Chapter 12. HBase Operational Management

Table of Contents

12.1. HBase Tools and Utilities
12.1.1. HBase hbck
12.1.2. HFile Tool
12.1.3. WAL Tools
12.1.4. Compression Tool
12.1.5. CopyTable
12.1.6. Export
12.1.7. Import
12.1.8. RowCounter
12.2. Node Management
12.2.1. Node Decommission
12.2.2. Rolling Restart
12.3. Metrics
12.3.1. Metric Setup
12.3.2. RegionServer Metrics
12.4. HBase Monitoring
12.5. Cluster Replication
12.6. HBase Backup
12.6.1. Full Shutdown Backup
12.6.2. Live Cluster Backup - Replication
12.6.3. Live Cluster Backup - CopyTable
12.6.4. Live Cluster Backup - Export
12.7. Capacity Planning
12.7.1. Storage
12.7.2. Regions
This chapter will cover operational tools and practices required of a running HBase cluster. The subject of operations is related to the topics of Chapter 11, Troubleshooting and Debugging HBase, Chapter 10, Performance Tuning, and Chapter 2, Configuration but is a distinct topic in itself.

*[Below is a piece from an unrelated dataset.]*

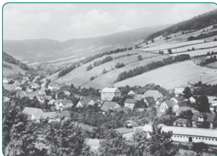
Obec Janov a Petrovice (60. léta minulého století)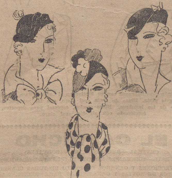
Tres elegantes modelos de sombreros.

12.1. HBase Tools and Utilities

Here we list HBase tools for administration, analysis, fixup, and debugging.

12.1.1. HBase hbck

An fsck for your HBase install

To run hbck against your HBase cluster run

$ ./bin/hbase hbck

At the end of the commands output it prints OK or INCONSISTENCY. If your cluster reports inconsistencies, pass -details to see more detail emitted. If inconsistencies, run hbck a few times because the inconsistency may be transient (e.g. cluster is starting up or a region is splitting). Passing -fix may correct the inconsistency (This latter is an experimental feature).

12.1.2. HFile Tool

See Section 8.6.4.2.2, “HFile Tool”.

12.1.3. WAL Tools

12.1.3.1. HLog tool

The main method on HLog offers manual split and dump facilities. Pass it WALs or the product of a split, the content of the recovered.edits. directory.

You can get a textual dump of a WAL file content by doing the following:

 $ ./bin/hbase org.apache.hadoop.hbase.regionserver.wal.HLog --dump hdfs://example.org:8020/hbase/.logs/example.org,60020,1283516293161/10.10.21.10%3A60020.1283973724012 

The return code will be non-zero if issues with the file so you can test wholesomeness of file by redirecting STDOUT to /dev/null and testing the program return.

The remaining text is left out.